- [Description of the task] Output the lines from the one holding "Aurora Dreams Mug" to the end of the entries that follow, exactly and only those, minus any pictures.

- [Data extract]
^^^^^^^^

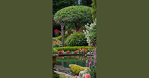 This picture is like stepping into a fairytale! Imagine a peaceful pond, perfectly reflecting the vibrant colours of the flowers all around it. It’s like the garden itself is dreaming, with a giant, fluffy green tree acting as a watchful guardian over a rainbow of blossoms. This is what dreams are made of – a totally chill spot to relax and maybe even spot a friendly frog taking a dip.
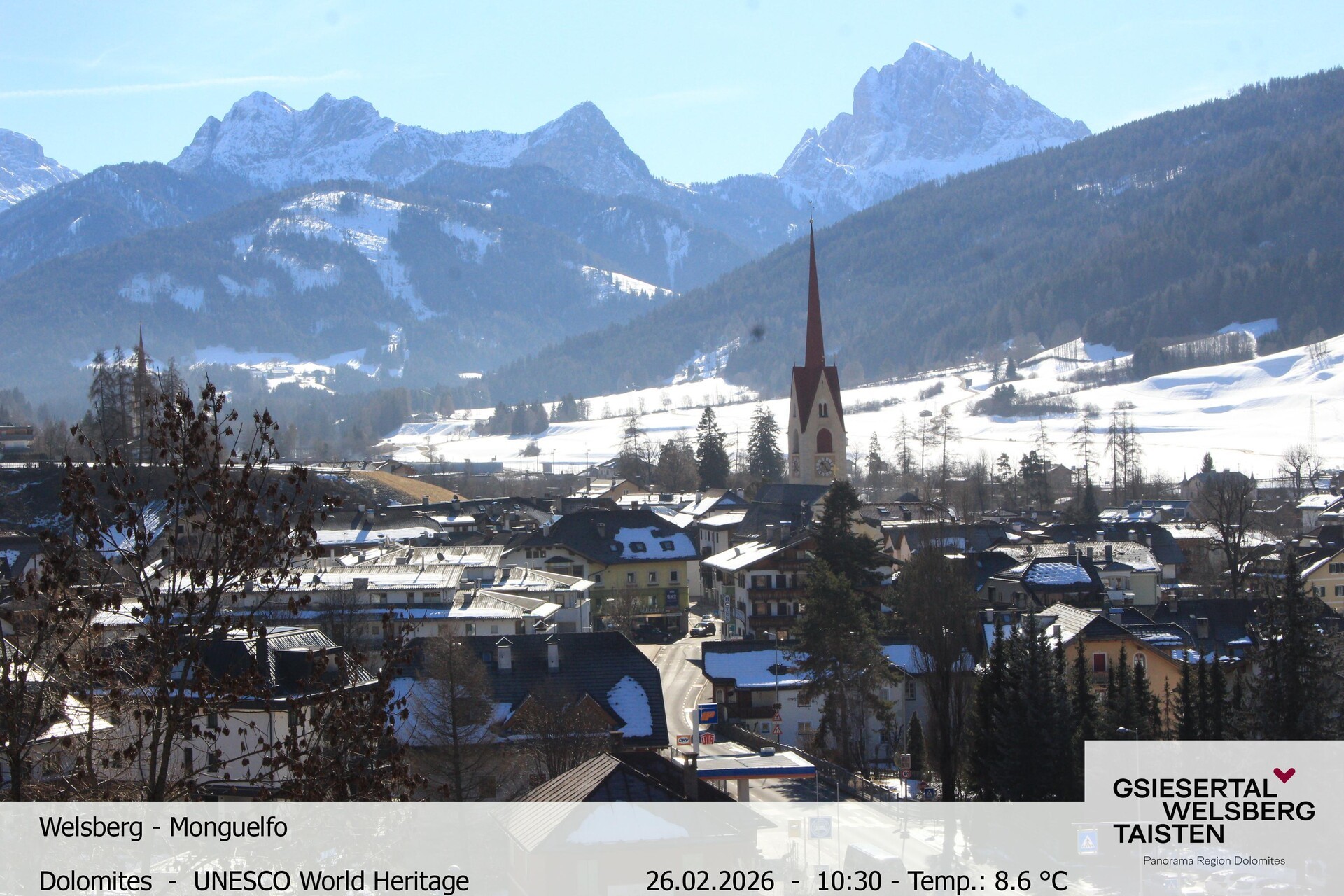 Archiviertes Webcam Bild: Blick auf Welsberg (Gsieser Tal, Südtirol) am 26 Feb 2026 um 10:10 Uhr 09:00
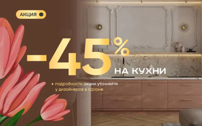 Обновите свою кухню с невероятной скидкой -45% на кухни из категории хиты продаж! Это уникальная возможность создать индивидуальный дизайн, который идеально впишется в ваш интерьер. Мы предлагаем высококачественные материалы и надежные решения, чтобы ваша кухня служила вам долгие годы. Не упустите шанс сэкономить и сделать свою кухню мечты реальностью!
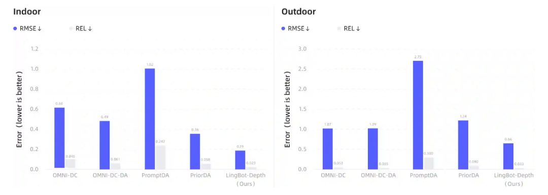 研究团队将基于 MDM 预训练得到的模型 LingBot-Depth,与多种当前主流方法(如 OMNI-DC、PromptDA、PriorDA)进行了正面对比,并设计了两种极具现实意义的评测协议。
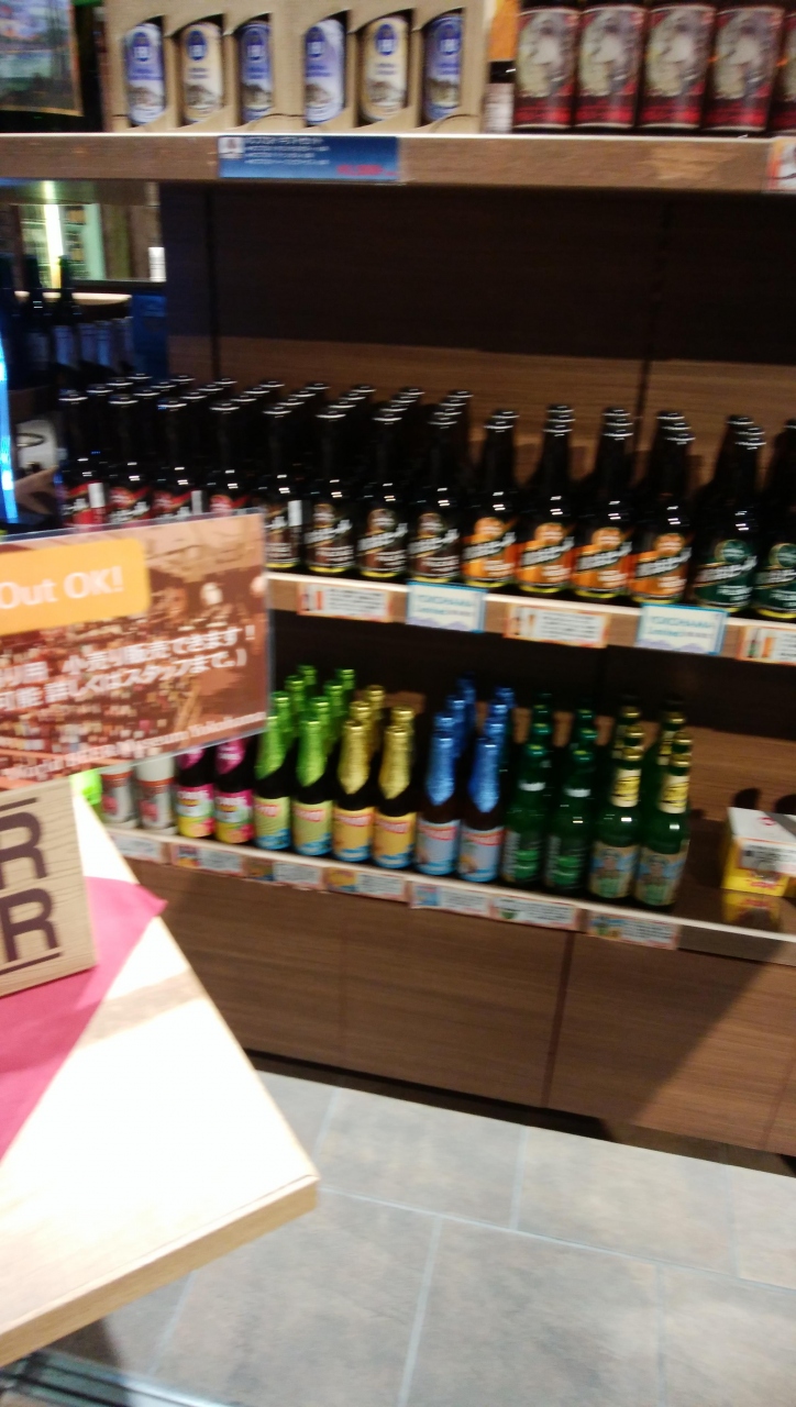 ランドマークの中にあるドッグヤードというライトアップなどのイベントスペースの場所が地下2Fまでの深さがあり、ドッグヤードのライトアップみた帰りに偶然みつけました。このエリアはお店があつまっているのですが、屋台のような雰囲気のお店が多い感じなのですが、通路にそってお客が飲み食いしているので食べている様子がわかるのですが、このビールお店は違いました。スカイツリーのあたりにもあり、いくつかお店があるチェーンのお店です。入口にもたくさんビールが置かれていて、世界のあちこちのビールが楽しめるお店です
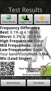The results tell you what frequencies you can differentiate over the hearing spectrum and suggests an instrument based on your answers.
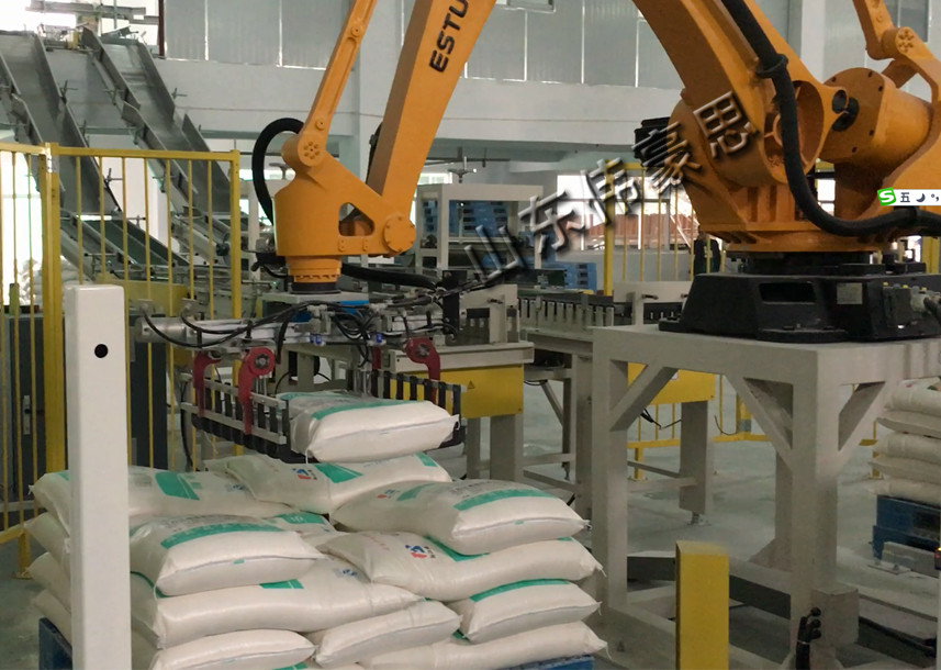 5、抓袋碼垛(duo)機構。采用機器人(ren)碼垛(duo)機構完成(cheng)碼垛(duo)作業(ye)。
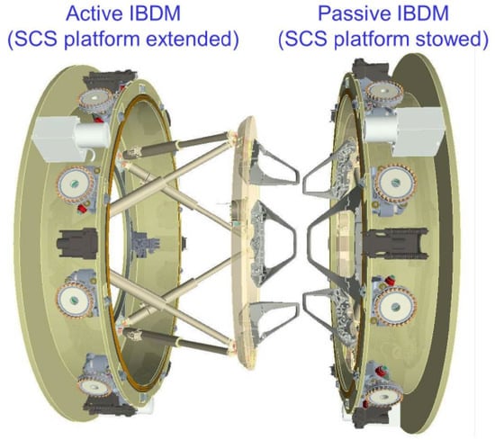 The Berthing Docking Mechanism (BDM) is a mechatronic system that is capable of performing successful rendezvous/contact operations via either docking or berthing. It is designed for the low-impact docking of a spacecraft by actively reducing the impact forces on the platform during progressive contact. The structural design of the BDM is a 6DOF parallel manipulator, based on the Stewart–Gough platform [,]. Lab-scale 6DOF Stewart systems controlled with robust integer-order controllers have already been presented in [,,,]. However, the main difference to the lab-scale application is that BDM structures have high LPV dynamic properties. Since the leg’s dynamics depend on the experienced inertial load, each relative mass corresponds to a model with different dynamics. In other words, each model represents the dynamics of a particular leg in a particular pose when a certain force is exerted on the platform’s upper ring. Since every executable trajectory of the platform can be seen as a succession of different states, it is clear that the LEMA dynamics change constantly during spacecraft docking. How they become active during the contact process is briefly described as follows. During docking, the mechanism consists of an active and a passive module, as illustrated in Figure 1, which can be viewed as two sub-systems with an interaction when in contact.
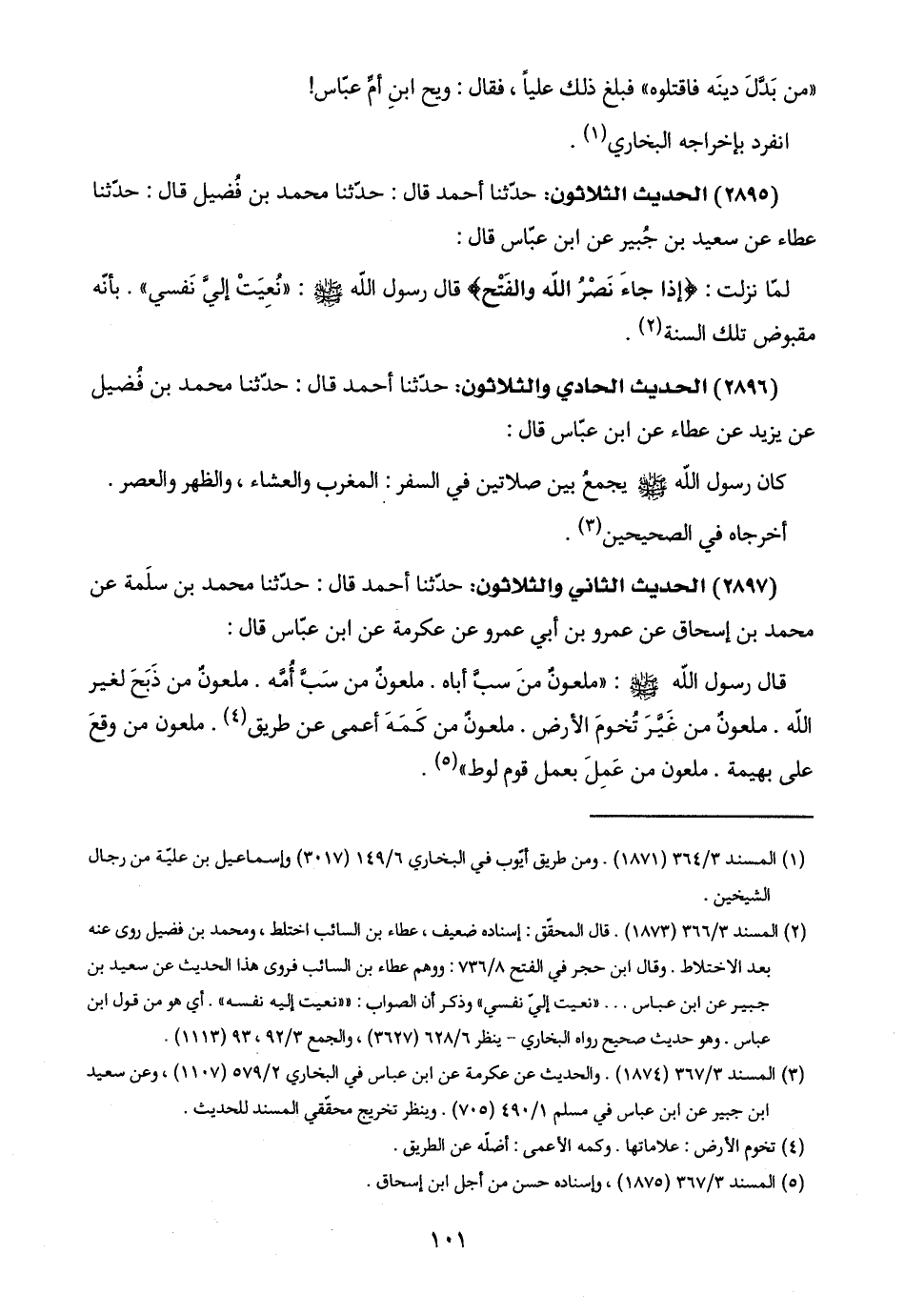 (٢) المسند ٣/ ٣٦٦ (١٨٧٣). قال المحقّق: إسناده ضعيف، عطاء بن السائب اختلط، ومحمد بن فضيل روى عنه بعد الاختلاط. وقال ابن حجر في الفتح ٨/ ٧٣٦: ووهم عطاء بن السائب فروى هذا الحديث عن سعيد بن جبير عن ابن عباس. . . "نعيت إليّ نفسي" وذكر أن الصواب: "نعيت إليه نفسه". أي هو من قول ابن عباس. وهو حديث صحيح رواه البخاري - ينظر ٦/ ٦٢٨ (٣٦٢٧)، والجمع ٣/ ٩٢، ٩٣ (١١١٣).
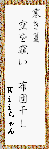 | Kiiちゃん、今年は天気が悪くてお布団干しもままなりませんでしたね。でも残暑が厳しい。 |
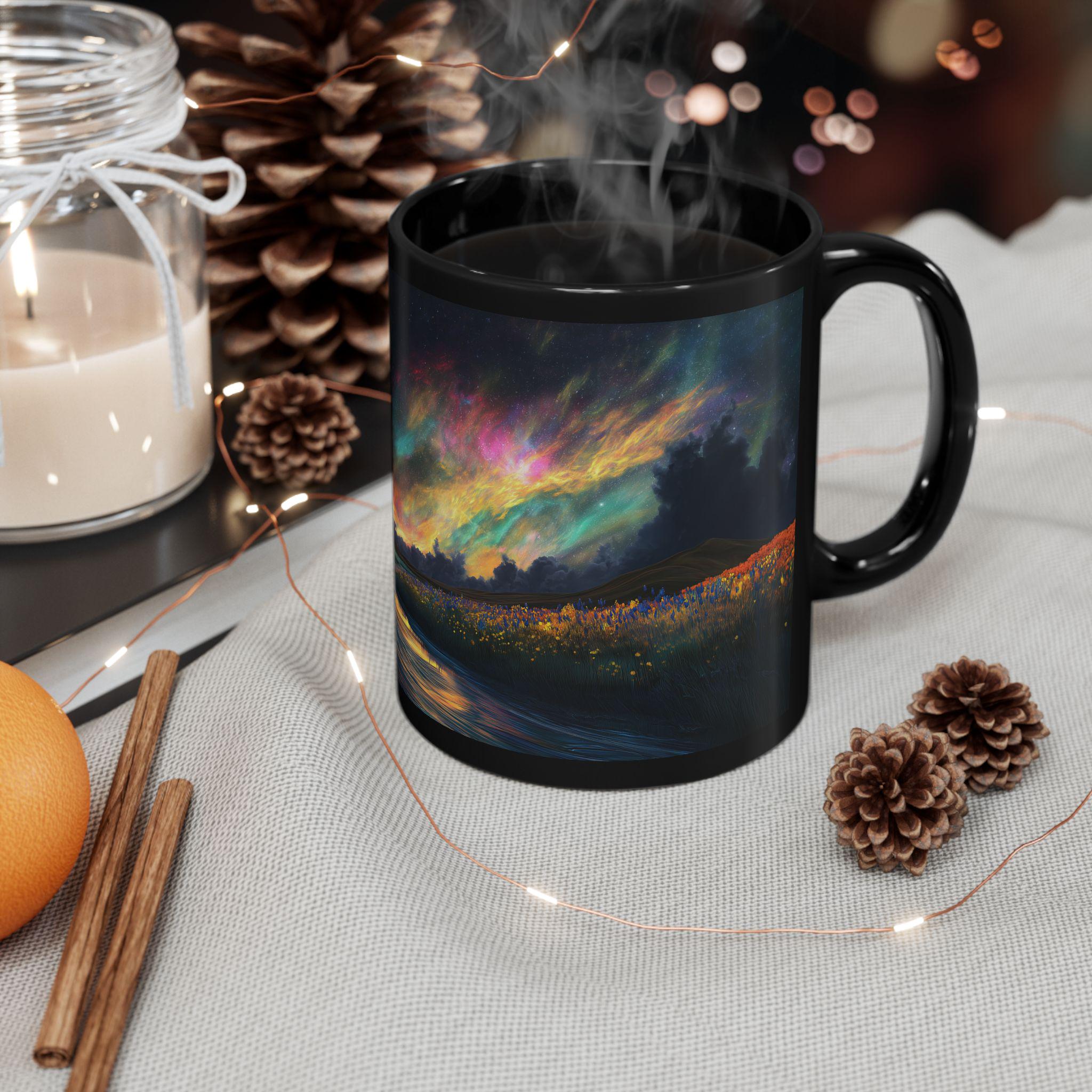 Aurora Dreams Mug features a stunning Northern Lights and Starry Sky design, perfect for those who love nature and dreamy landscapes. This mug is ideal for cozy nights at home or early mornings enjoying a hot beverage. It makes a great gift for astronomy enthusiasts, nature lovers, and anyone who appreciates beautiful art.
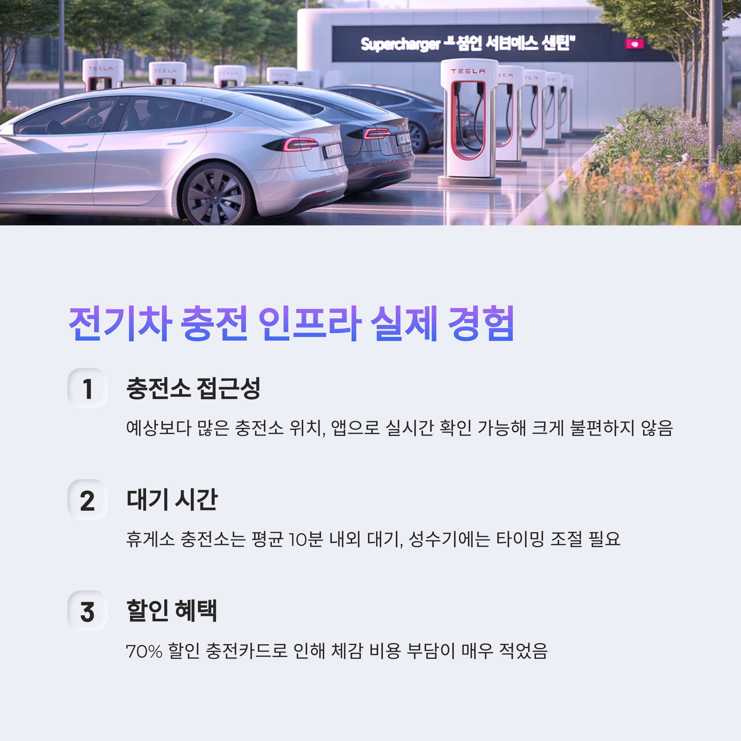 충전 횟수는 3~4회, 슈퍼차저 외 민간 충전소도 함께 사용했습니다.

^^^^^^^^

- [Response to the task]
 Aurora Dreams Mug features a stunning Northern Lights and Starry Sky design, perfect for those who love nature and dreamy landscapes. This mug is ideal for cozy nights at home or early mornings enjoying a hot beverage. It makes a great gift for astronomy enthusiasts, nature lovers, and anyone who appreciates beautiful art.
 충전 횟수는 3~4회, 슈퍼차저 외 민간 충전소도 함께 사용했습니다.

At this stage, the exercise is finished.